4. The spatiality of pastoral livelihood systems and their interactions with widlife
This project is concerned with better understanding the spatiality of pastoral livelihood systems under regimes of climatic and political uncertainty. Investigations are aimed at understanding how the mobility of pastoral systems is changing with increased climatic uncertainty and the governance of rangelands. GPS collaring, social scientific surveys, and GIS databases are being developed to delineate how changes in mobility are a reflection of these changes and the extent to which these changes influence the resilience of dryland ecosystems.

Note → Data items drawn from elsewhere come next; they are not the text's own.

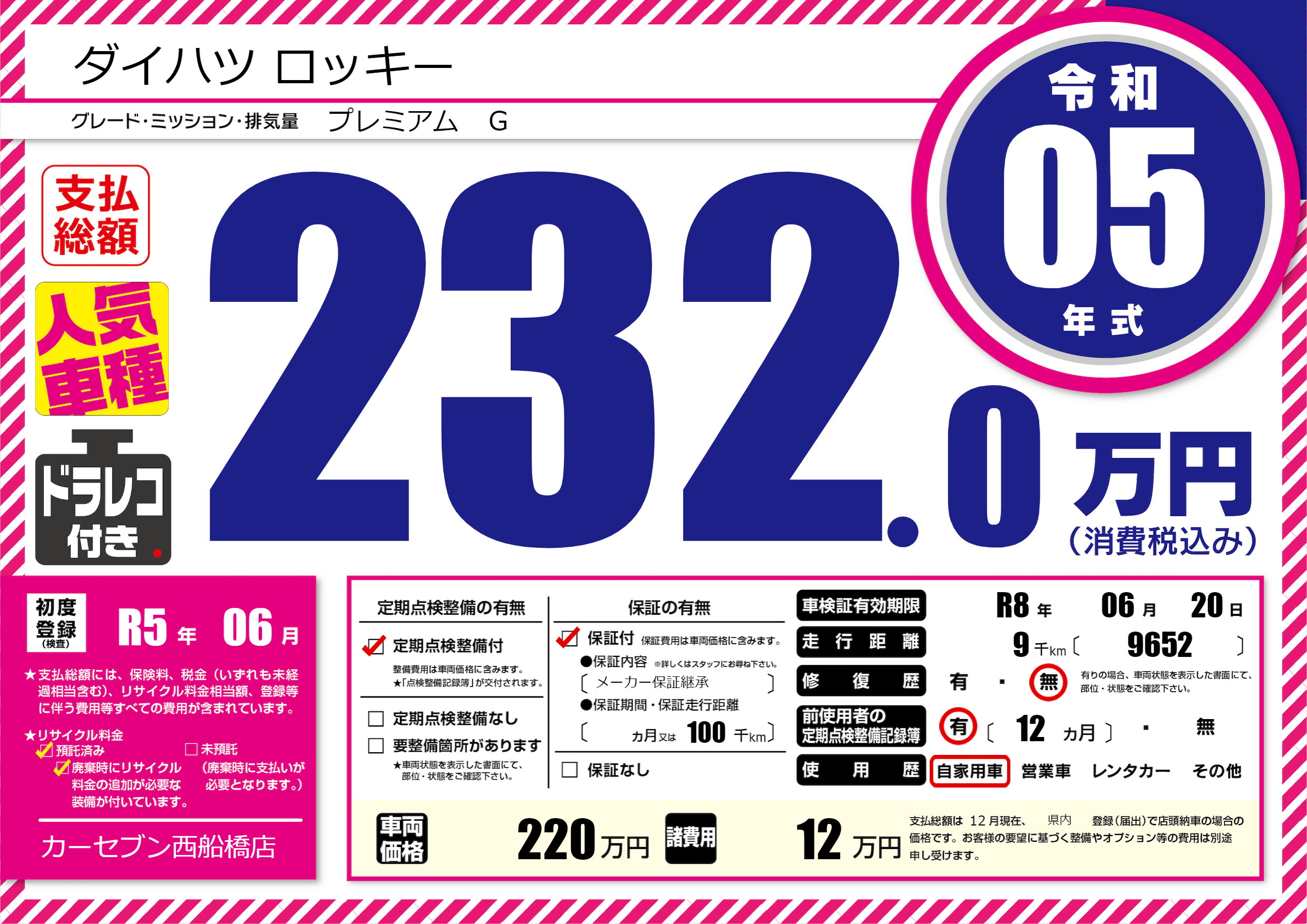| 車名 | ダイハツ ロッキー | グレード ミッション 排気量 |
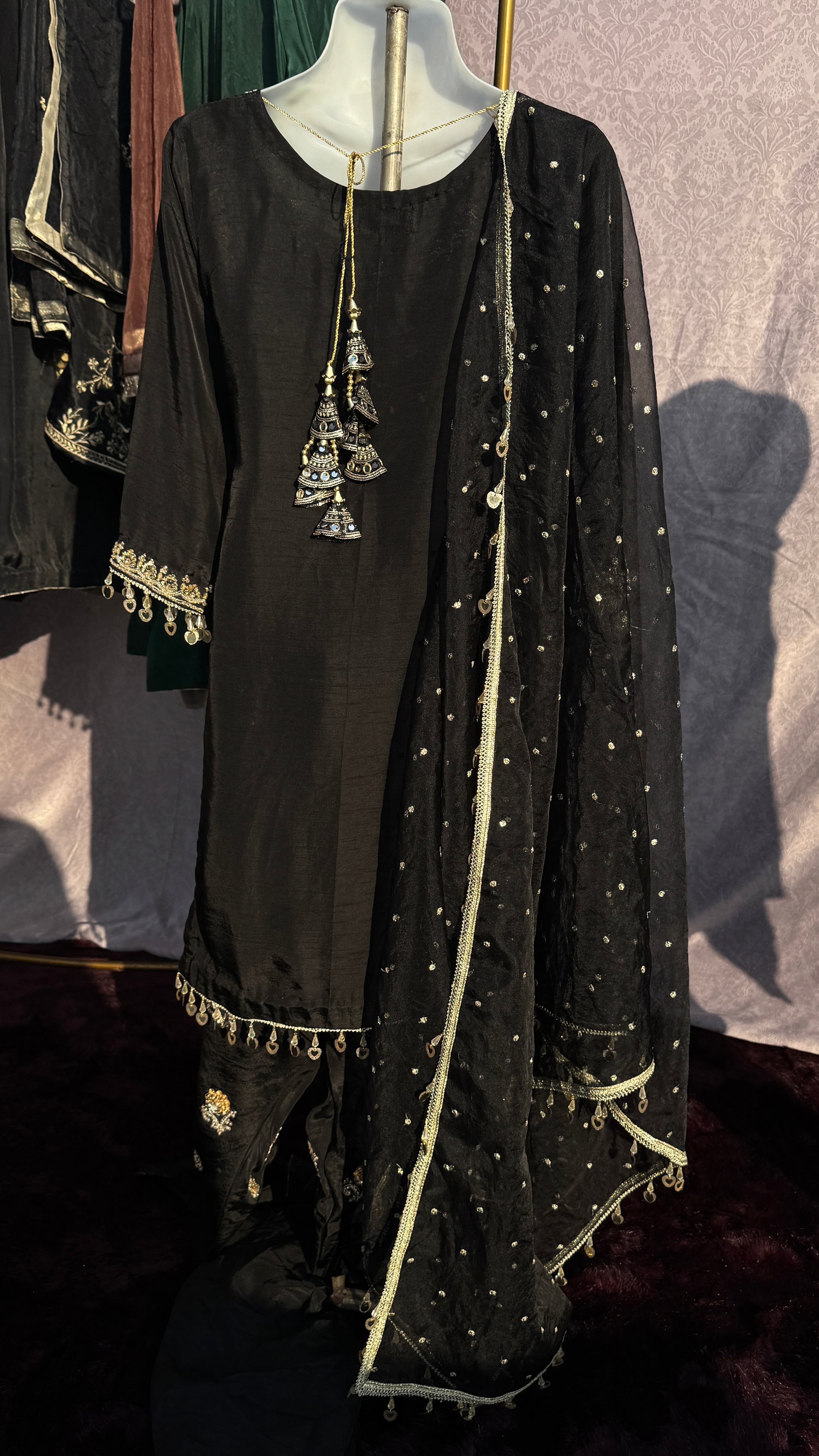 customize this dress in Black farshi shalwar suit, Perfect for This Eid, Events and festive occasions. π
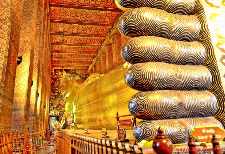 美しい壁画とモザイク: 寺院内には、美しいモザイクや金箔で装飾された壁画があります。特に、涅槃仏の足元には象徴的な模様が施されており、見る価値があります。
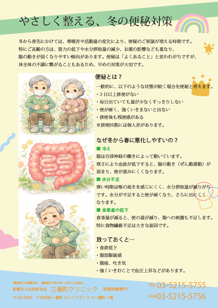 やさしく整える、冬の便秘対策 お知らせ 2026.03.23 冬から春先にかけては、寒暖差や活動量の変化により、便秘のご相談が増える時期です。「お腹ひねり体操」と「『の』の字マッサージ」で、無理のない便秘対策を続けましょう。
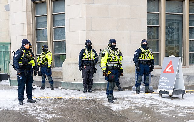 La Gendarmerie royale du Canada (GRC) est autorisée à faire appliquer les règlements municipaux et les lois provinciales et la police dispose de « plus d’outils pour rétablir l’ordre », notamment la possibilité d’imposer des amendes et d’emprisonner des personnes. Par exemple, la Loi sur les mesures d’urgence confère au gouvernement fédéral le pouvoir d’imposer des amendes pouvant aller jusqu’à 5000 dollars ou d’emprisonner les personnes qui enfreignent les ordres jusqu’à cinq ans.
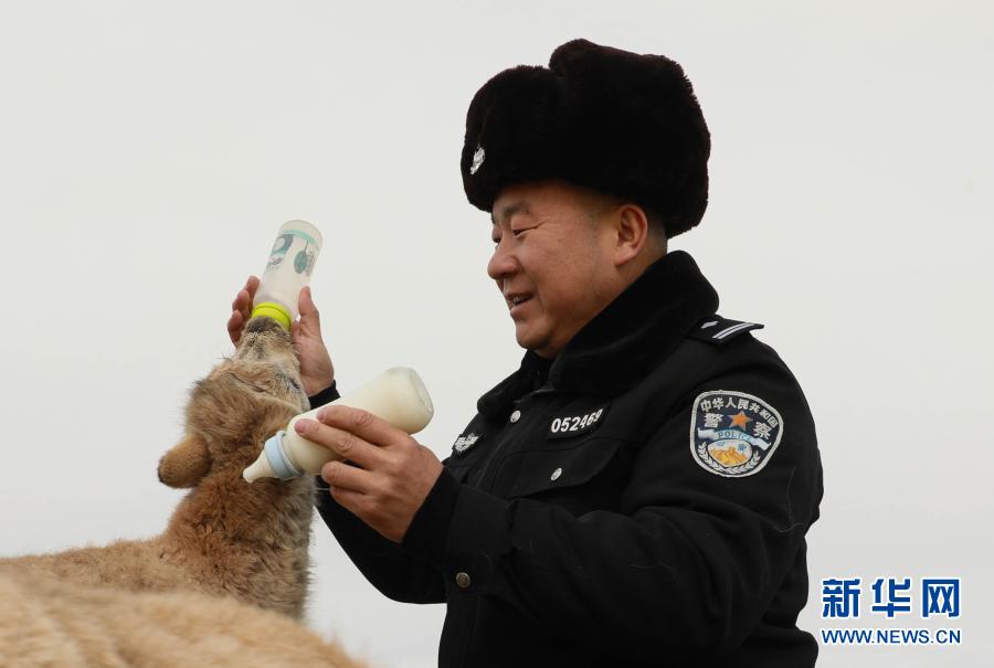 可可西里巡山隊員鄧海平給藏羚羊幼仔喂奶(12月6日攝)。新華社記者 藍翔 攝
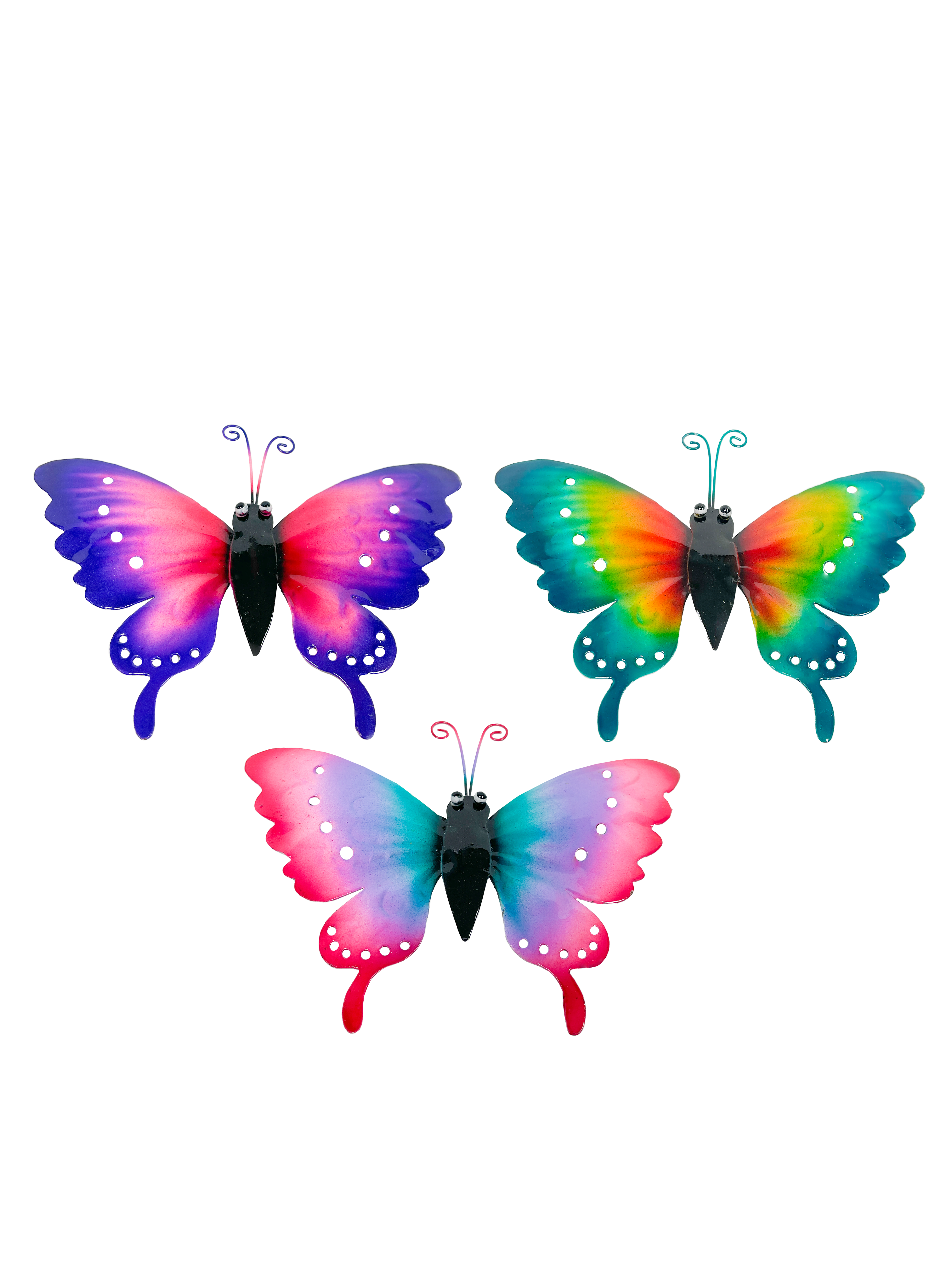 These fun ornaments are made from tin and hand painted by skilled workers in Indonesia. These butterflies come in assorted designs and one will be picked at random. Comes with a hanger on the back to display on a wall or garden fence.
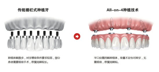 “All-on-4”全口种植牙是一种针对半口或全口牙种植的修复方案,用较少的种植体实现使用功能,仅需每个单颌种植四个种植体即可支撑半口的牙桥。植入种植体后即刻安装固定牙桥,通常无需植骨,克服了传统种植牙槽骨不足无法种植的缺陷。
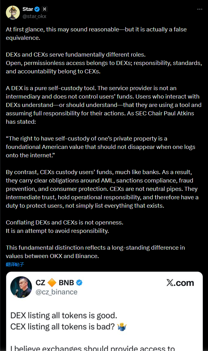 TechFlowの報道によると、2月10日、OKXの最高経営責任者(CEO)であるスター氏がソーシャルメディアで投稿し、分散型取引所(DEX)と中央集権型取引所(CEX)は本質的に異なる役割を担っていると指摘しました。オープンで許諾不要なアクセスはDEXに属し、一方で責任・基準・説明責任はCEXに属します。DEXは純粋なセルフカストディ(自己管理)ツールであり、サービス提供者は仲介者ではなく、ユーザー資金を一切制御しません。これに対し、CEXはユーザー資金を預託管理するため、銀行に近い性質を持ち、マネーロンダリング防止(AML)、制裁遵守、詐欺防止および消費者保護に関して明確な義務を負います。CEXは運用責任を負うため、単に存在するすべてのトークンを上場するだけでなく、ユーザーを保護する義務があります。スター氏は、「DEXとCEXを混同することは『オープン』ではありません。これは責任回避を試みる行為であり、OKXとバイナンス(Binance)の間で長年にわたって存在する価値観の相違を反映しています」と述べました。
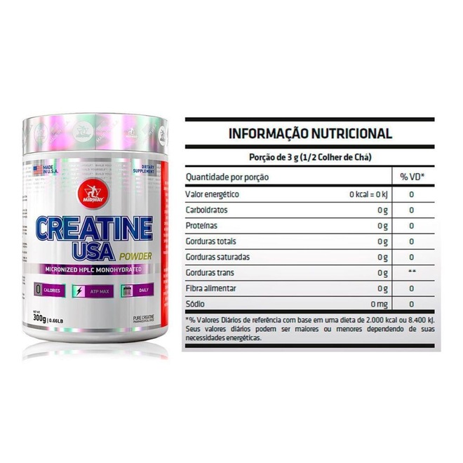 Creatine USA é composta da mais pura creatina em pó na forma monohidratada e micronizada.
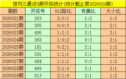 二、体彩排列三前9期奖号开出:263-255-495-268-181-291-084-499-613,其中奖号大小比为13:14,012路比为10:7:10,奇偶比为13:14;
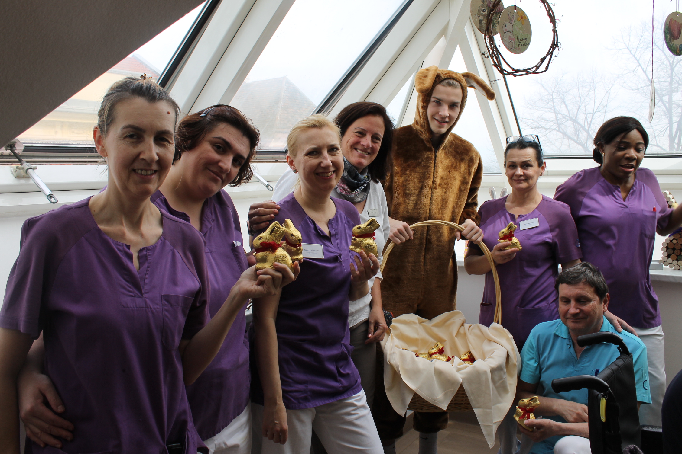Auch die Mitarbeiter:innen der SeneCura Residenz Grinzing freuten sich über einen Ostergruß, vor allem wenn der Hase persönlich vorbei hoppelt. Ein verkleideter Osterhase hat nämlich das gesamte Team des Hauses mit einem Schokoladenosterhasen überrascht. Über die süße Aufmerksamkeit freuten sich alle sehr und konnten es kaum erwarten, den Schokohasen zu vernaschen.

5. A people’s history of protected areas
Over the last 150 years, indigenous peoples have been evicted from their biodiverse ancestral homes to create protected areas. Rarely acknowledged in policy circles, the histories of indigenous peoples within these areas have been erased, romanticized, or naturalized to advance political-economic or biodiversity goals. Many existing academic historiographies of indigenous peoples’ interaction with the environment lack depth, accuracy, and spatial sophistication, and have led to the further marginalization and ineffective coping strategies among indigenous pastoralists. The purpose of this research is to bridge academic and policy-relevant gaps in our understanding of how indigenous peoples understood and contested the changing relationships between the environment and land management. These gaps will be addressed through empirical fieldwork and archival data collection from a case study site in Kenya, the globally famous Maasai Mara National Reserve. Through a collaboration between the University of Michigan (UM) and Kenyatta University (KU) the Co-PIs, working alongside four students (two from UM and two from KU) will address five key objectives related to the relationships between indigenous Maasai pastoralists and protected area officials between 1916 and 2000. The study team will first conduct a two-day workshop on research methods at Kenyatta University, followed by data collection. One team of two students and a Co-PI will conduct archival research at the Kenya National Archives, while the second team of students and a Co-PI will conduct key informant interviews at various field sites in and around the Mara region. We anticipate that this research will: (1) provide new knowledge and understanding of how local peoples interacted with, modified, and contested land management; (2) demonstrate how coping strategies incorporated both political and environmental concerns.